The headline change is Firefly Image 2, which Adobe says improves creator control and image quality, along with faster generation and easier use. Users can toggle between “image 2” and the older “image 1” model. Beyond the model swap, the web interface adds new controls aimed at making outputs look more like real photography: a “visual intensity” slider to shift toward more artistic or more photographic results; a style strength slider; and a photo-settings panel that exposes camera-like parameters such as aperture (down to f1.2 and up to f22), shutter speed (from 1/12000 to 10 seconds), field of view (roughly 14mm to 300mm+), plus negative prompting. The interface also supports “style” transfer by uploading a reference image and applying its look to a new generation.

Community testing and side-by-side comparisons suggest Firefly’s strengths cluster around fine-grained realism and detail—particularly in hair, skin texture, and lighting—while other models may win on raw prompt adherence or specific failure modes. In one set of comparisons, Dolly 3 is described as more literal and stronger at text generation (Firefly is portrayed as weak or absent for text), while Midjourney is credited with strong results but sometimes shows background or object oddities. Firefly is repeatedly praised for looking “photo-like,” including wrinkles and hair strands, though it’s also shown producing occasional malformed artifacts and “bug” images where coherence breaks.

A standout feature in the hands-on demos is style transfer: applying the style of an uploaded image (including the creator’s own channel logo) to the same underlying concept. The results range from convincing hybrids (a cat-dog blend) to intentionally disturbing outcomes when a “decrepit” face image is used—framed as “nightmare fuel.” Adobe also adds guidance from team members: using built-in lighting and intensity controls can steer results toward more authentic photo aesthetics, and text alignment improvements can prevent common issues like extra fingers.

Pricing is presented as credit-based: a free tier includes $25 monthly generative credits, while a premium tier offers 100 monthly credits for $5/month—though the channel host suggests heavy Adobe users may effectively get unlimited generations through existing subscriptions. The broader competitive landscape remains unsettled: Firefly is not portrayed as a Dolly 3 killer overall, but it’s framed as a strong option for product photography and realism-focused workflows.

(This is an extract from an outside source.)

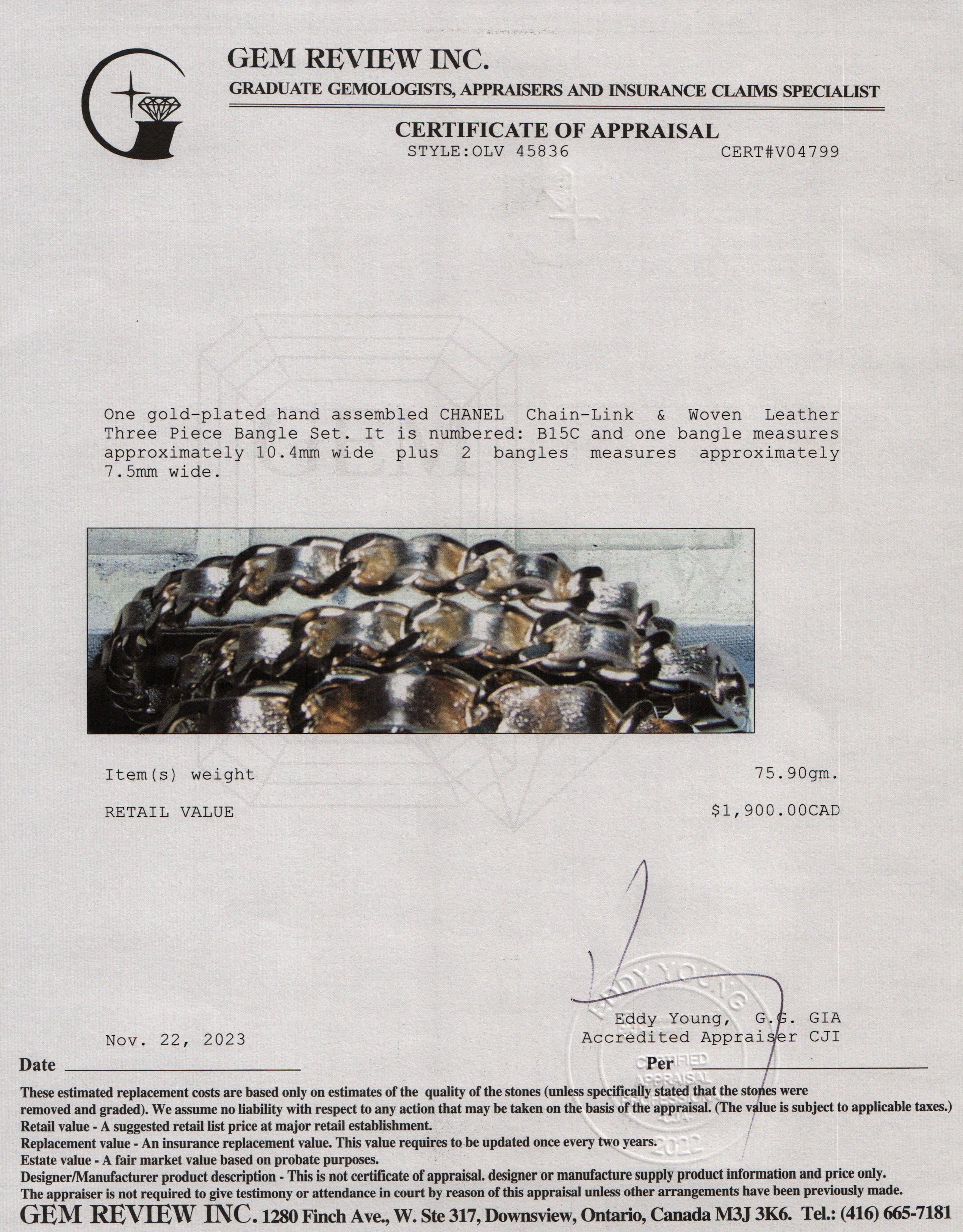 Gold Plated Chain-Link & Woven Leather Three-Piece Bangle Set

The update comes alongside another major theme in AI image generation: safety restrictions. Dolly 3’s image generation inside Microsoft’s Image Creator is described as tightening, with inconsistent enforcement—sometimes blocking prompts that should be allowed, while other prompts slip through. The segment also touches open-source vision alternatives (LLaVA on Hugging Face), claims about GPT-4 Vision decoding redacted NASA text with near-100% accuracy in one test, and a broader AI trajectory discussion that includes talk of GPT-4.5 and timelines for artificial superintelligence.

Cornell Notes

Adobe’s Firefly Image 2 update aims to compete with leading text-to-image systems by improving realism and—more importantly—giving creators more control. The Firefly web app adds photo-style controls such as visual intensity, style strength, and camera-like settings (aperture, shutter speed, field of view), plus negative prompting. Community comparisons suggest Firefly often excels at photo-like detail (hair, wrinkles, lighting) and product-style realism, while Dolly 3 is credited with stronger text generation and sometimes better prompt adherence. A major differentiator is style transfer: uploading a reference image and applying its look to a new concept can produce consistent, sometimes surprising results. Pricing is credit-based on top of Adobe’s ecosystem, with free and low-cost tiers described alongside potential subscription benefits.

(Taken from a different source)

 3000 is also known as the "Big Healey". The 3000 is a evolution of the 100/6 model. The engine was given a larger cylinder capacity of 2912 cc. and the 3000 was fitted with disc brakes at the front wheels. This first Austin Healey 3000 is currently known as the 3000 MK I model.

What’s the biggest practical change in Adobe Firefly Image 2 beyond “a new model”?

The Firefly web interface adds controls designed for photographic outcomes. Users get a “visual intensity” slider to move between more artistic and more photographic results, a style strength slider, and a photo-settings panel with camera-like parameters: aperture (f1.2 to f22), shutter speed (1/12000 to 10 seconds), and field of view (about 14mm to 300mm+). It also includes negative prompting and “auto” photo settings, giving creators more levers than a simple prompt box.

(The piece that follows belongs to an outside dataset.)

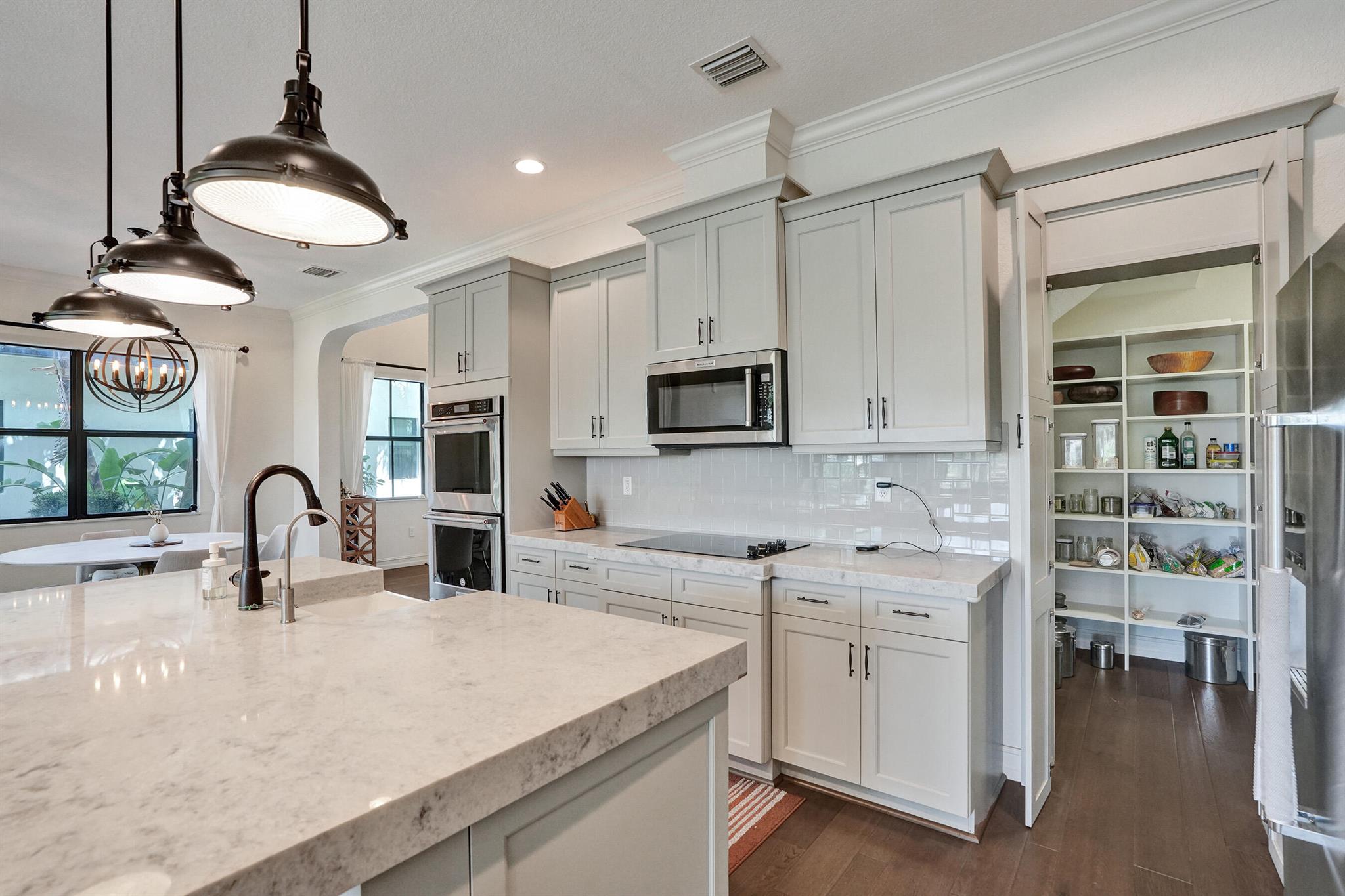 HUGE PRICE IMPROVEMENT Discover luxury living in Pembroke Pines with this immaculate 2018 builder's model home, nestled in a prestigious gated community. Boasting 4 bedrooms and 3 bathrooms, including 1 bedroom and bath on ground level, this residence offers a perfect blend of sophistication and practicality. Step through the impressive entryway into a world of refined elegance. The interior showcases exquisite upgrades and craftsmanship, highlighted by wood tile flooring, sleek quartz countertops, and high-end KitchenAid appliances. The kitchen is a chef's dream, complete with a walk-in butler's pantry for seamless entertaining. The master bedroom beckons with a private terrace offering expansive views of the water and a beautiful garden, providing a serene retreat within your own home.

How do community comparisons position Firefly versus Dolly 3 and Midjourney?

In side-by-side examples, Dolly 3 is described as more literal and stronger at text generation, while Midjourney is praised for detail but sometimes produces background or object oddities. Firefly is repeatedly favored for realism cues—especially hair strands, skin detail, and wrinkles—and for fitting prompts in a “photo-like” way. The tradeoff is that Firefly can still produce coherence failures or malformed artifacts in some generations.

Why does style transfer matter in the Firefly update?

Style transfer lets users upload a reference image and apply its style to a new generation while keeping the new concept. In the demos, applying a channel logo’s style to a lemon-themed cityscape is framed as a “killer feature,” because it can preserve recognizable style nuances rather than just producing a one-off image. The same mechanism can also create hybrids (e.g., cat-dog) or intentionally disturbing results when the reference image is extreme.

What specific interface controls are highlighted as making outputs look more like real photos?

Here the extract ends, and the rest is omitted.